Девушку эту звали Элена. Она была служанка, или лучше сказать, преданный друг графини, которая не имела для нее тайн.
Элена была несколькими годами моложе своей госпожи, выросла возле нее, была, так сказать, воспитана матерью госпожи де Вальреаль; графиня никогда не теряла ее из вида; поэтому, повторяем, Элена была скорее другом, чем служанкой своей госпожи, к которой она питала глубокое уважение и непоколебимую преданность.
Услышав шум приближавшихся шагов, графиня с живостью выпрямилась, покачала головой как бы для того, чтоб прогнать печальные мысли, осаждавшие ее, и украдкой отерла слезы; но опоздала, потому что это движение не укрылось от молодой девушки.
— Я уверена, — сказала она тоном упрека, — что вы опять плакали.
— Ах! — прошептала графиня, покрывая сына судорожными поцелуями. — Неужели это удивляет тебя, Элена?
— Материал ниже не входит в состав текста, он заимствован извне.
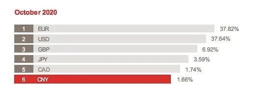 具体看,10月份,欧元、美元、英镑和日元分别以37.82%、37.64%、6.92%和3.59%的占比位居前四位。

Разве ты не знаешь, что я плачу всегда?
— Именно потому-то я и упрекаю вас. Я желала бы видеть в вас твердость против горести.
— На что ты жалуешься? — отвечала графиня с меланхолической улыбкой. — Я плачу только когда я одна, когда никто не может меня видеть, застать меня в слезах. Разве во мне нет твердости, когда я нахожусь среди толпы, наполняющей мои комнаты? Разве у меня не находится для каждого слов, любезных улыбок, живых возражений? Милое дитя, поверь, маска, которою я закрыла свое лицо, привязана крепко. Никто кроме тебя, от которой я ничего не скрываю, никогда не застигнет во мне минуты слабости. Я слишком долго изучала мою роль для того, чтоб не знать ее. Я похожа на тех артисток, любимых публикой, которые перед зрителями, аплодирующими им, кажутся веселы и счастливы, но когда занавес упадет, когда они вернутся за кулисы, они часто дорого платят за эти краткие минуты упоения, которыми пресыщена их гордость. Тогда, как и мною, ими овладевает печаль и они плачут. Я теперь нахожусь за кулисами. Не упрекай меня в слабости; пусть слезы мои текут свободно; они облегчают меня; если я стану удерживаться, они падут мне на сердце.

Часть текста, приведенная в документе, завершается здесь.